The clothesline bacon got me in the door, and it was delicious. But, as I’ve already pointed out, thick-cut, candied bacon is always delicious. I’m not sure it’s worth $14 for four average-sized strips, even if the delights below those strips (farm pea ragout, watermelon pickles) only add to the mystique. But I’m glad the image of the bacon convinced me to go, because the rest of the meal will bring me back.
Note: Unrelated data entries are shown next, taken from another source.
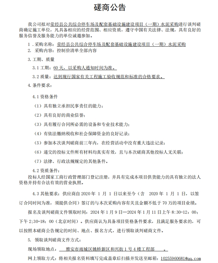 滎經(jīng)縣公共綜合停車場(chǎng)及配套基礎(chǔ)設(shè)施建設(shè)項(xiàng)目(一期)水泥材料采購(gòu)談判磋商公告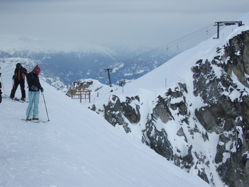 From our base in Whistler village, we headed up in the Blackcomb Gondola, slowly but surely making our way up the mountain. The higher we got, the lower down the evolutionary chain of ski transport we went: first a gondola, then a chairlift, followed by a T-bar (bane of the boarder's life) and finally a skis-off, trudge-up-hill walk. We visited the Blackcomb glacier as part of an introductory tour on our second day, and so the awe-inspiring view from the lip of the glacier was not as imposing as it might have been, but the panorama of snowtopped peaks and the dramatic drop into the glacial valley was still enough to get the heart pumping.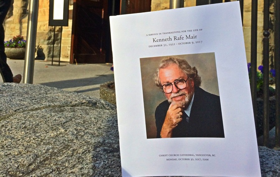 Mair’s portrait was displayed on an altar under a vase of roses at Vancouver’s Christ Church Cathedral, where a bagpiper played to welcome attendees ahead of heartfelt eulogies from friends and family.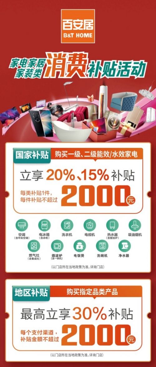 随着国家对家电家居家装行业消费补贴政策的全面实施,消费者迎来了购物黄金机遇。特别是上海地区,针对适老类家居产品的补贴力度更是前所未有,最高可达30%,这不仅有助于促进家居消费,也推动了家居消费向高品质、绿色环保、适老宜居方向迈进。在这一波政策的强力推动下,百安居加码惠民福利,为消费者带来更多的实惠与服务。在国策加持下,百安居推出的跨品类满减和家装增值服务无疑为消费者带来了更具吸引力的优惠,以多重补贴打造消费新高地。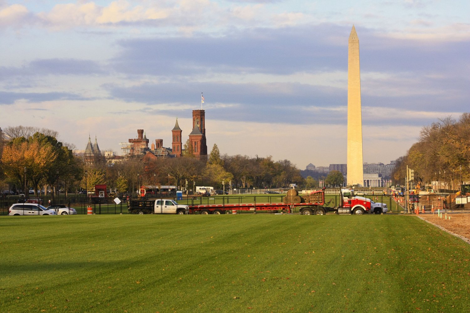 Turf restoration on the panels between 3rd and 12th streets was completed over four years, restoring 20 acres of grass along the National Mall and bringing the green back to America’s Front Yard. All the elements of the turf restoration project were designed to create a healthy and water efficient landscape. The irrigation system was an essential part of the project, which also included excavation and removal of up to five inches of damaged soil, re-engineered soils to resist soil compaction and improve drainage, one million gallons of underground cisterns for rainwater harvesting and reuse, drought resistant turf varieties, and beautiful granite curbing to protect the lawn edges.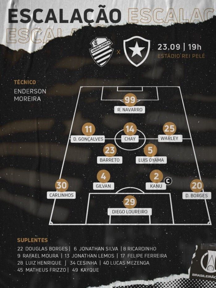 Escalação do Botafogo: Diego Loureiro; Daniel Borges, Kanu, Gilvan e Carlinhos; Barreto, Luís Oyama, Warley e Diego Gonçalves; Chay e Rafael Navarro.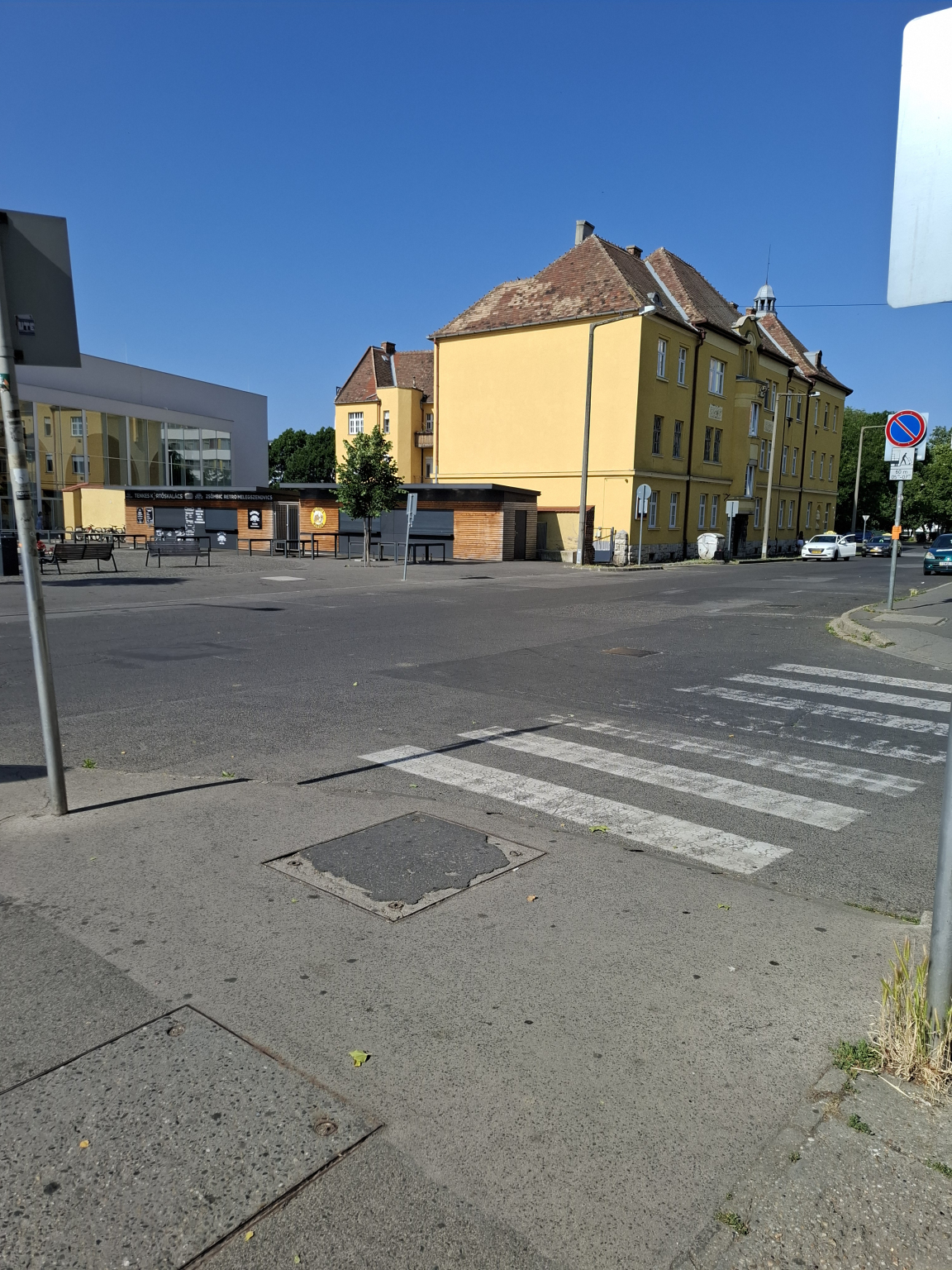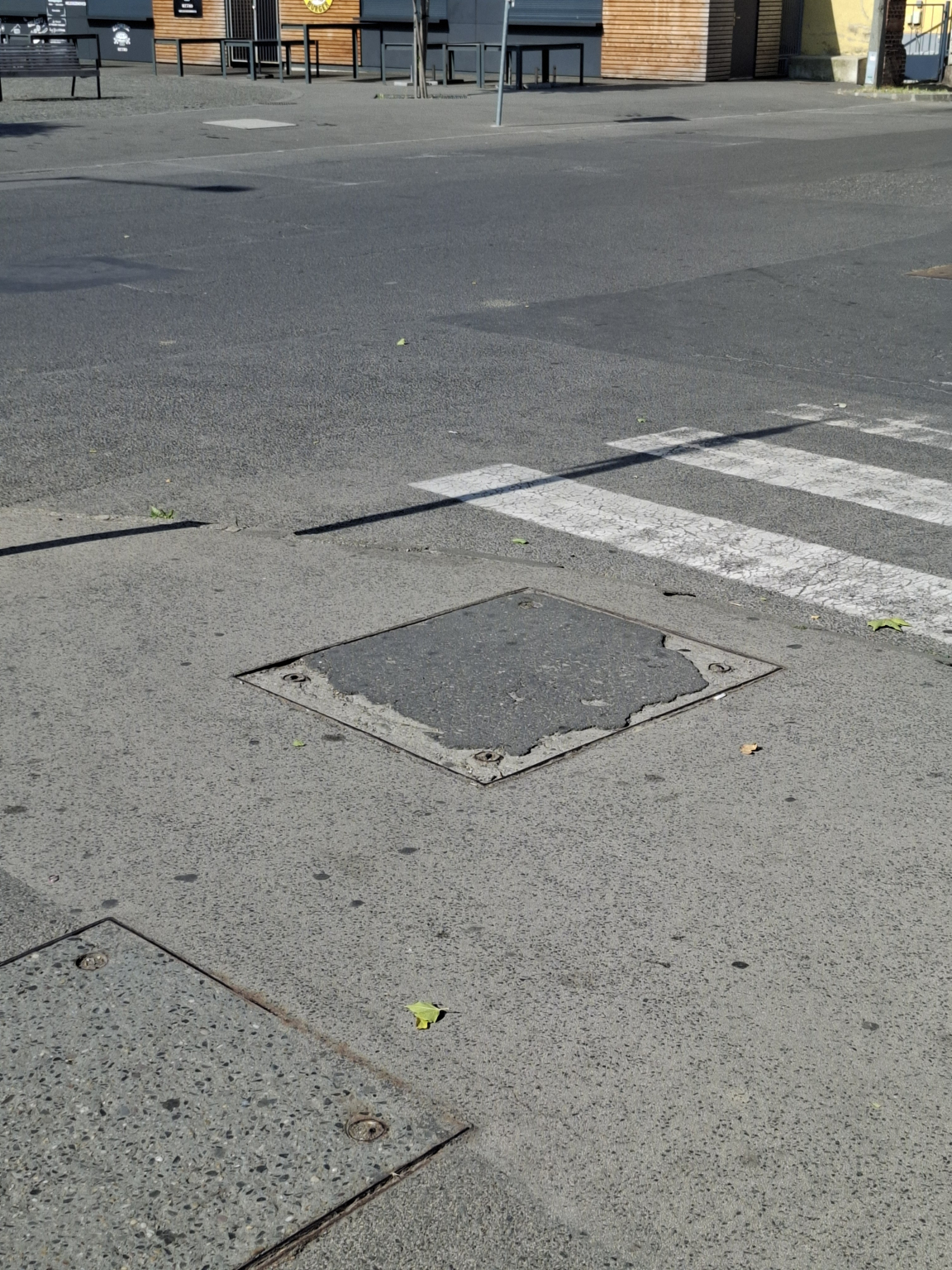 Az autóbusz megálló és a Dohánybolt előtti gyalogátkelőhelynél az aknafedél botlásveszèlyes.

When I return, I’m probably going to skip the bacon and double down on the short rib sliders. These pack braised beef, pimento cheese and Wickles pickles between two adorably miniature buns. Nearly every place has a slider appetizer, but few so expertly balance the combination and proportions of meat, cheese, bread and pickle. Each of the three sliders offers two or three (unless you’re Mark Richt) perfect bites.
While you’re downing those sliders, you’ll need some liquid refreshment. Get the Cube McGee, the Surfing Deer’s take on an Old Fashioned. This uses one of my favorite hacks (maple syrup instead of simple syrup) on a base of Elijah Craig small batch bourbon and also adds lemon and blackberry to the usual combo of orange and bitters. This drink could serve as appetizer and dessert, and a meal consisting only of short rib sliders and Cube McGees probably would be supremely satisfying.
But don’t stop there. Order a main course. The herb-marinated lamb tenderloin is tremendous. I ordered mine rare, and the deep red meat soaked up the hot mushroom vinaigrette and blended beautifully with the farro risotto beneath it.
Meanwhile, new SI five-star signee Dellenger ordered the Seafood Acadiana with a measure of trepidation. Ross lives in Louisiana and grew up eating the best of what the Gulf Coast has to offer. If he wound up getting something that didn’t compare to what he could get at dozens of places back home, he would have considered the trip a waste. But after a few bites of a thick stew that mixed grouper, lobster, crawfish, shrimp and andouille sausage, he declared the meal a success.
So thank you, clothesline bacon, for drawing our eyes to The Surfing Deer. And thank you, Surfing Deer, for giving our stomachs a reason to return.